I Myself Have Seen It: Photography & Kiki Smith is the product of a decades-long collaboration between Smith and Elizabeth Brown, the Henry's chief curator, who called Smith up one night 20 years ago with an idea for a photography project.

It's a huge undertaking, and exciting that it's launching here in Seattle. "We're grappling with an entire body of work by a major American artist that hasn't been studied yet," says Brown, who estimates that the pair considered something like 80,000 pieces as they were putting the show together.

Smith is primarily known for her sculptures—some human, some animal, some a combination of the two—that have subverted the tradition of figurative sculpture. Although she's best known for creating new versions of myths and folk tales (Little Red Riding Hood, Cinderella), especially about women, in sculpture, drawing, and installation, she works across mediums (etchings, screenprinting on fabrics, metal work, glass), and advocates against the idea of a hierarchy of materials for art. Photography is part of this cross-material experimentation, and it has been a consistent thread in her work.

"I'm always interested in serial narrative," said Smith on Thursday, describing the way that photography interacts with her studio practice, and how it works in the show. "It's me photographing my own work, or snapshots I would put together like movies and send to friends."

These "ganged photos," including snapshots glued together to form a narrative, self-published books (one poetry book has a correction in blue highlighter: "this needs more work"), and collages, are probably the most personal and the most generous pieces in the show. Much of this work was made for friends, and in that sense we see the most essential and personal use of photography in her creative process.

The show is organized thematically, with each gallery representing a different way that photography has informed and interacted with Smith's work. Each gallery includes sculptures and etchings from different periods of her work, with framed snapshots along the floorboards and larger framed photographs on the wall. The photographs are arranged in a way that suggests Smith's process as she's creating her work.

For example, one of the corners of the gallery themed "studio practice: nature" has three sculptures from 1995's Crows. Above them are large framed photographs of the crow sculptures as they were being installed, along with as photographs of live crows. The sculptures of dead crows are scattered in the corner on the floor (as they were in the original show) and along the floorboard behind them is a row of snapshots: an old house, the artist in the studio, a man, crows, a Buddhist temple, pancakes.

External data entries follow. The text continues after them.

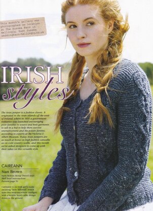 This is a pattern for a Heart Cable Cardigan, originally published in Knitting magazine under the name Caireann. issue 174. It is in garter stitch with a hearts cable in panels on the front, back and sleeves. Photo Laurel Guilfoyle for Knitting magazine.
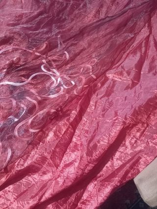Tre teli tenda Una un po sfilata bordo in basso Un altra strappo interno latetali. Documentato in foto Ognuna Larghezza 1.34 cm Lunghezza 2.90 cm dall asola dove va inserito il bastone. Asola 8 cm.
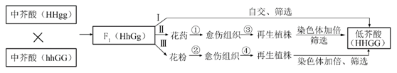 问题 油菜有两对独立遗传的等位基因(H和h,G和g)控制菜籽的芥酸含量,低芥酸油菜的菜籽油品质更高。下图为获得低芥酸油菜(HHGG)品种的3条技术路线,下列叙述正确的是( )。
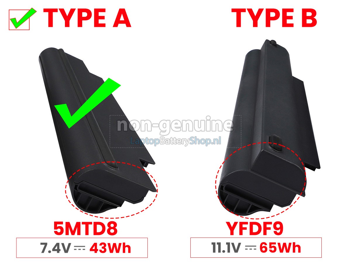 Controleer het model en de vorm van uw originele batterij van de Dell H4PJP (gebruik Ctrl + F om naar modellen te zoeken). Zorg ervoor dat u de juiste batterij krijgt.
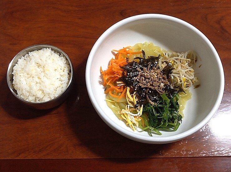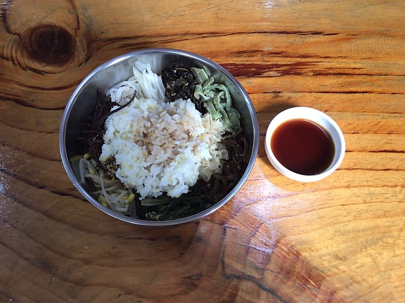 비빔밥용 나물은 대접에 따로 담아 내준다. 고사리나물, 무나물, 콩나물, 시금치 무침 등 기본으로 담긴 나물에 찬으로 나온 궁채 나물무침, 말린 가지나물 무침, 아주까리 무침, 흰목이버섯 무침 등을 더한다. 나물별로 삼삼하게 양념이 되었다. 조를 섞어 지은 부드러운 쌀밥과 깊은 짠맛과 은은한 단맛이 어우러진 조선간장을 넣어 골고루 비빈다. 식재료의 다양한 식감과 색감, 맛이 한데 어우러져 한층 풍미를 더하는 산뜻한 비빔밥이다.

In the center of the main gallery, there's a sculpture of a woman, bending over (this is from Upside Down Body with Beads, 1993). Smith's Sirens and Harpies (2002), figures of bird bodies with women's heads, are placed on ledges around the room, looking down on the installation. On the walls are photographs of these works in process—the birds' feet, the upside down body's legs, the plaster heads of the sirens, the artist herself.

This mass of more than 1,000 snapshots, etchings, prints, and sculptures shows the evolution of Smith's work over time in a way that a retrospective can't. It isn't just a matter of seeing a photograph that was used as a model for a sculpture, or seeing a record of her installations, though that's certainly part of it. Add to that snapshots of trips she took, people she saw, the studio, photos of works in progress. Walking through the galleries, you get a tiny sense, if that's even possible, of walking through the artist's mind.

I Myself Have Seen It: Photography & Kiki Smith runs through August 15.